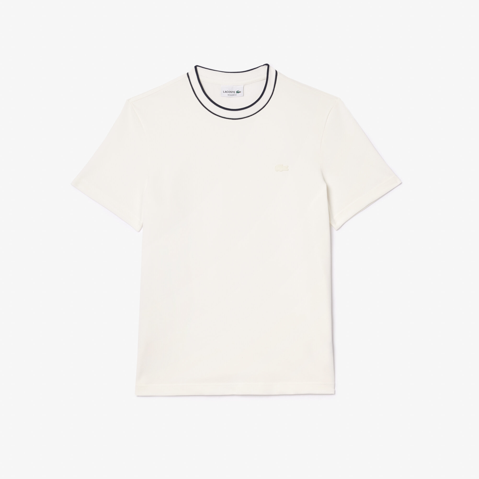 T-shirt från Lacoste i fin piqué med regular passform. T-shirten har en kontrastfärgad, randig ribbad krage som elegant detalj. Designen kompletteras av en diskret, ton-i-ton-broderad krokodil på bröstet.
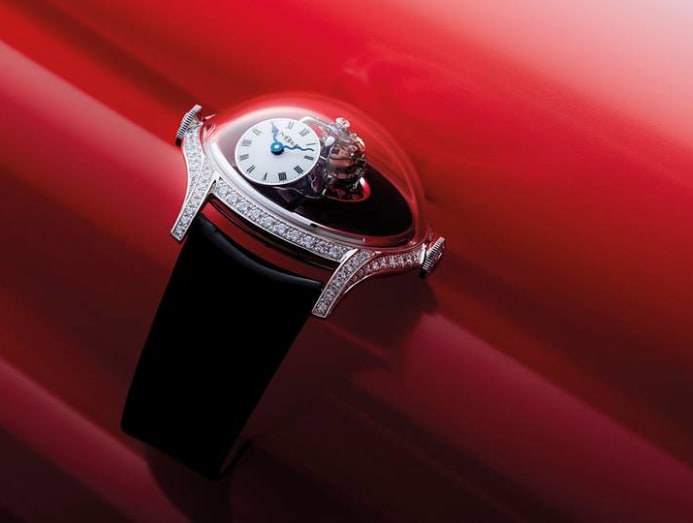 The tilted dial conveys the idea that the time belongs only to whoever puts on the watch, and no one else.(Photo: MB&F)
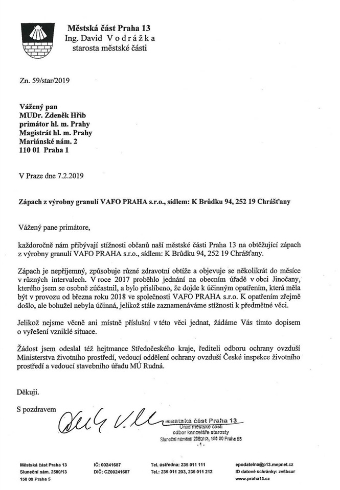 Dopis starosty MČ Praha 13 Davida Vodrážky:
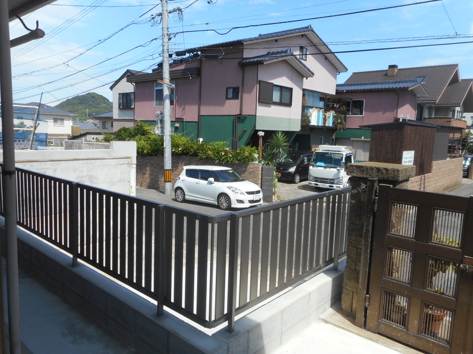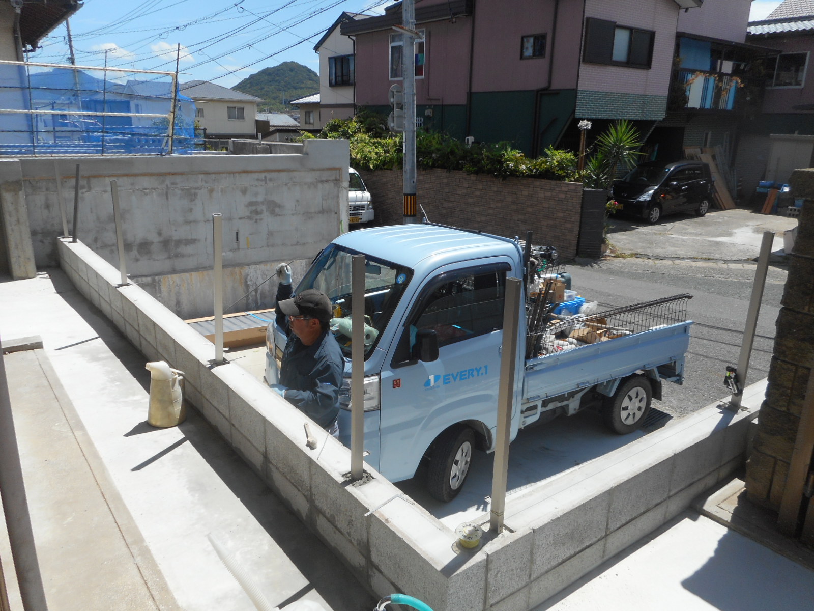 | ブロックの上に、フェンスを施工します!! | フェンスの柱を、順次立てて行きます!! |
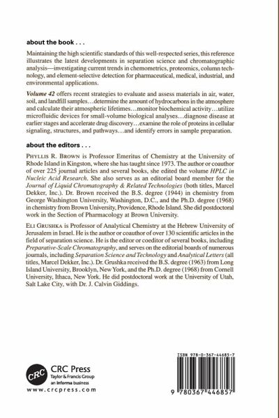 1. Chemometrie Analysis of Comprehensive Two-Dimensional Separations 2. Column Technology for Capillary Electrochromatography 3. Gas Chromatography with Inductively Coupled Plasma Mass Spectrometric Detection (GP-ICP MS) 4. GC-MS Analysis of Halocarbons in the Environment 5. Microfluidics for Ultrasmall-Volume Biological Analysis 6. Recent Trends in Proteome Analysis 7. Improving Our Understanding of Reversed-Phase Separations for the 21st Century 8. Clinical Applications of High-Performance Affinity Chromatography
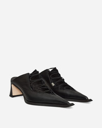 Miista Sherri Mules Black Sherri is a high-fronted mule in black leather with a pointed toe, outsized beak-shaped sole and a slim sculpted 6 cm heel. The design features a lingerie-inspired lattice of elasticated lacing down the front of the shoe to the toes. - Leather Upper - Vegetable Tan Cow Leather Lining - Ultra-Cushioned Memory Foam Inner Sole - Rubber-Invected Toe - Leather Sole - Heel Height: 6 cm - Style Code: MI-5896 Black
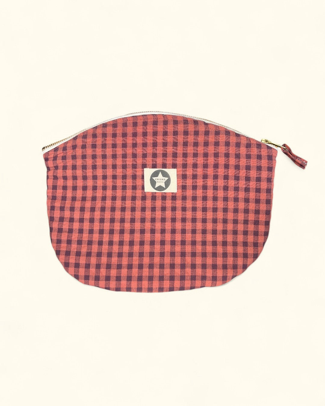 Neceser acolchado de gran capacidad con estampado de cuadros vichy en tonos teja. Ideal para viajar o para organizar productos de cuidado personal. Interior forrado con tejido hidrófugo que lo hace resistente a la humedad. Cremallera metálica con tirador a juego.
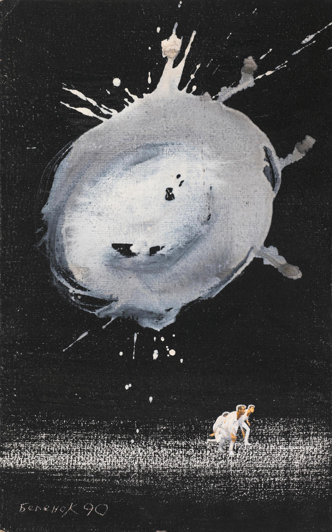 В разное время современники художника трактовали работы по-разному: в 1960–1970-х видели связь с научной фантастикой и популярной тогда темой освоения космоса, ближе к 1980-м чаще отмечали в них соответствие напряженным настроениям тех лет, а затем и тревожное предчувствие чернобыльской катастрофы и распада СССР. Но эпохи уходят, а произведения искусства остаются, и сегодня мы видим в этих работах что-то иное, актуальное или вневременное. В работах Петра Беленка сюжет всегда остается открытым, загадочным. Художник помещает героев в бескрайние пространства, в которых поэтически и фантастически происходят абстрактные катастрофы. Доминирующий белый цвет подчеркивает ирреальность происходящего — это звенящее пустое пространство, вспышки или пыль от взрывов, следы стремительных падений.
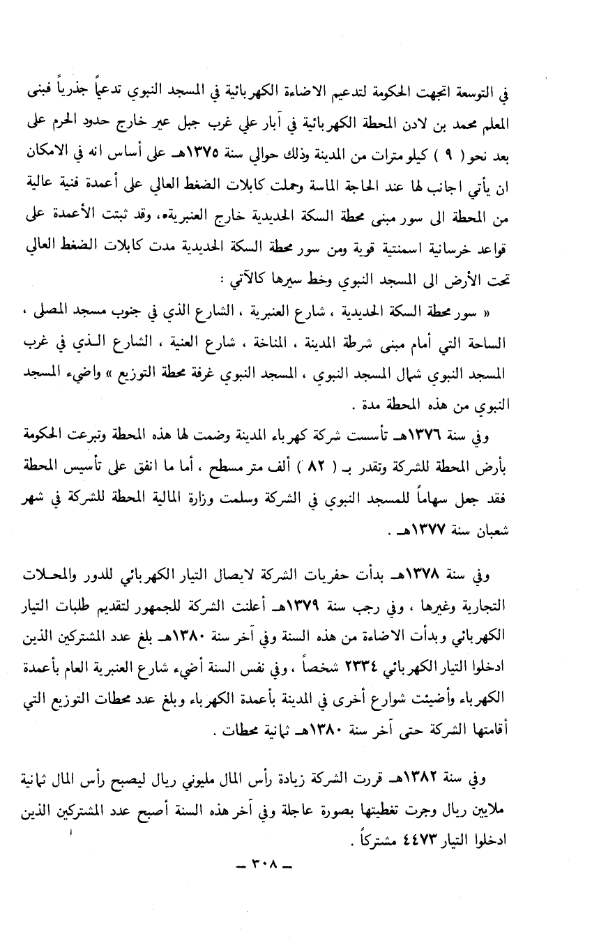 في التوسعة اتجهت الحكومة لتدعيم الاضاءة الكهربائية في المسجد النبوي تدعيماً جذرياً فبنى المعلم محمد بن لادن المحطة الكهربائية في آبار علي غرب جبل عير خارج حدود الحرم على بعد نحو (9) كيلو مترات من المدينة وذلك حوالي سنة 1375هـ على أساس أنه في الإمكان أن يأتي أجانب لها عند الحاجة الماسة وحملت كابلات الضغط العالي على أعمدة فنية عالية من المحطة إلى سور مبنى محطة السكة الحديدية خارج العنبرية، وقد ثبتت الأعمدة على قواعد خرسانية اسمنتية قوية ومن سور محطة السكة الحديدية مدت كابلات الضغط العالي تحت الأرض إلى المسجد النبوي وخط سيرها كالآتي: "سورة محطة السكة الحديدية، شارع العنبرية، الشارع الذي في جنوب مسجد المصلى، الساحة التي أمام مبنى شرطة المدينة، المناخة، شارع العنية، الشارع الذي في غرب المسجد النبوي شمال المسجد النبوي، المسجد النبوي غرفة محطة التوزيع" واضيء المسجد النبوي من هذه المحطة مدة. وفي سنة 1376هـ تأسست شركة كهرباء المدينة وضمت لها هذه المحطة وتبرعت الحكومة بأرض المحطة للشركة وتقدر بـ (82) ألف متر مسطح، أما ما أنفق على تأسيس المحطة فقد جعل سهاماً للمسجد النبوي في الشركة وسلمت وزارة المالية المحطة للشركة في شهر شعبان سنة 1377هـ. وفي سنة 1378هـ بدأت حفريات الشركة لايصال التيار الكهربائي للدور والمحلات التجارية وغيرها، وفي رجب سنة 1379هـ أعلنت الشركة للجمهور لتقديم طلبات التيار الكهربائي وبدأت الاضاءة من هذه السنة وفي آخر سنة 1380هـ بلغ عدد المشتركين الذين ادخلوا التيار الكهربائي 2334 شخصاً، وفي نفس السنة أضيء شارع العنبرية العام بأعمدة الكهرباء وأضيئت شوارع أخرى في المدينة بأعمدة الكهرباء وبلغ عدد محطات التوزيع التي أقامتها الشركة حتى آخر سنة 1380هـ ثمانية محطات. وفي سنة 1382هـ قررت الشركة زيادة رأس المال مليوني ريال ليصبح رأس المال ثمانية ملايين ريال وجرت تغطيتها بصورة عاجلة وفي آخر هذه السنة أصبح عدد المشتركين الذين ادخلوا التيار 4473 مشتركاً.…
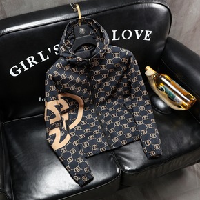 欧洲站潮牌印花春秋外套个性青年连帽男士夹克修身秋装...
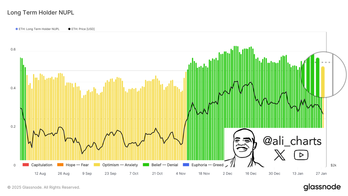 Der Kryptoanalyst Ali Martinez stellte fest, dass die langfristigen Besitzer von Ethereum erste Anzeichen von Unbehagen zeigen. Die neuesten Daten von Glassnode zeigen eine Verschiebung des Net Unrealized Profit/Loss (NUPL)-Gefühls von „Belief“ zu „Anxiety“ Dieser Übergang signalisiert eine wachsende Unsicherheit auf dem Markt, die mit der Preisvolatilität von Ethereum und der Möglichkeit von Gewinnmitnahmen einhergeht.
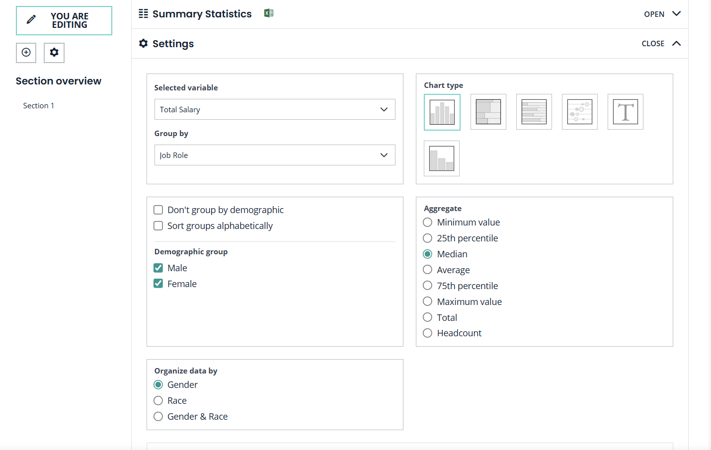 Selected variable - the data columns (numerical variable) you would like to perform the calculation on, e.g. total salary, value points, or adjusted pay gap.
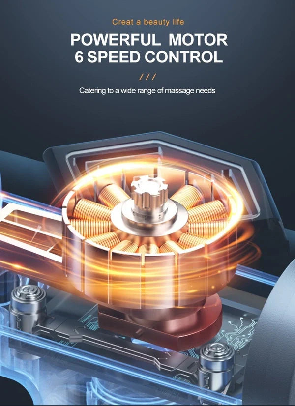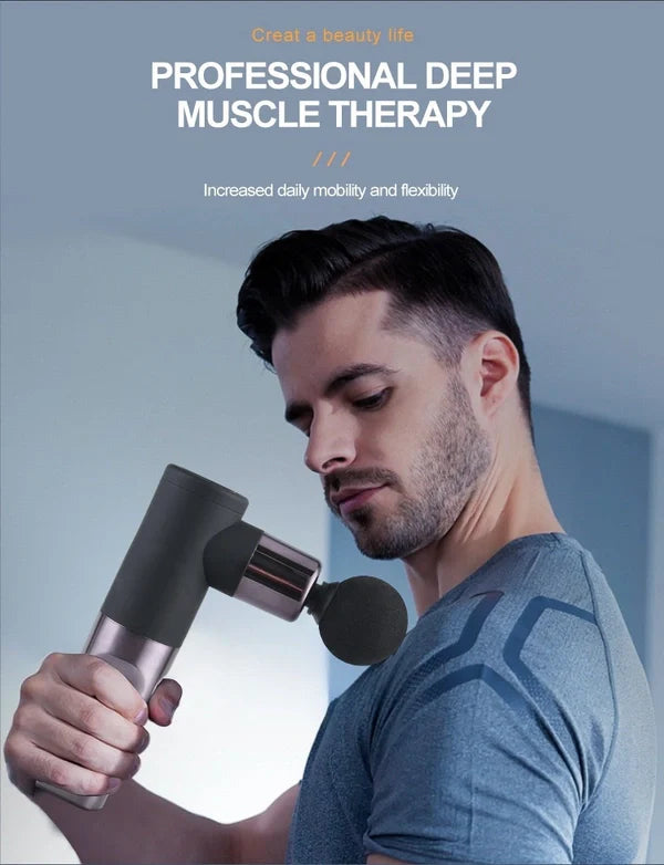 The massage gun delivers high-frequency percussion vibrations that penetrate deep into muscle tissue to help:
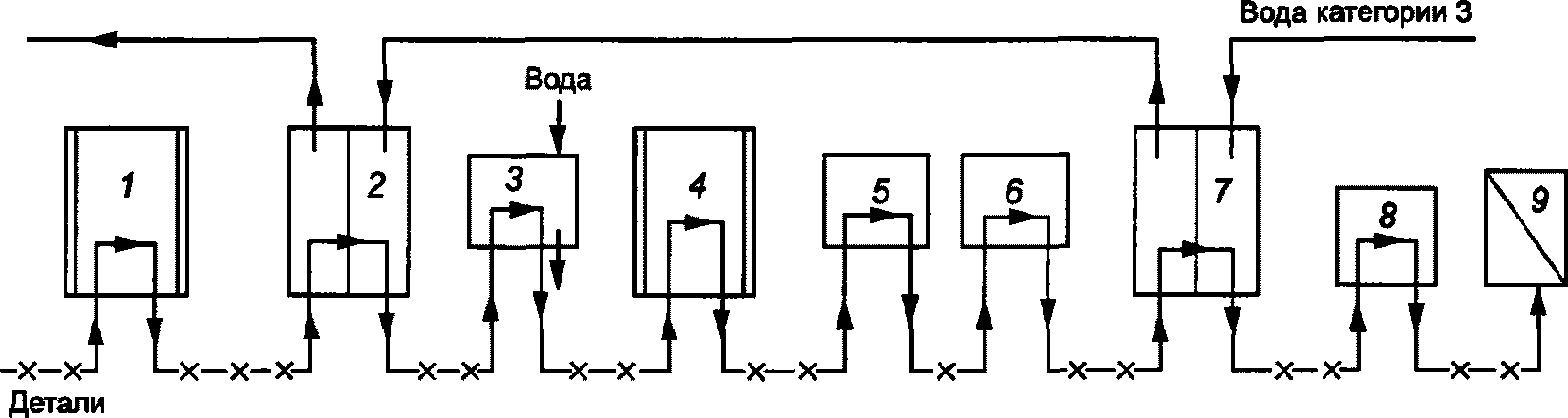 1 - ванна промывки водой категории 2; 2 - ванна финишной

_ _ _

In the listing above, find the line containing "The tilted dial" and the line containing "ブロックの上に、フェンスを施工します!! | フェンスの柱を、順次立てて行きます!! |". Print those two lines and every line between them exactly, with no pictures.

 The tilted dial conveys the idea that the time belongs only to whoever puts on the watch, and no one else.(Photo: MB&F)
 Dopis starosty MČ Praha 13 Davida Vodrážky:
 | ブロックの上に、フェンスを施工します!! | フェンスの柱を、順次立てて行きます!! |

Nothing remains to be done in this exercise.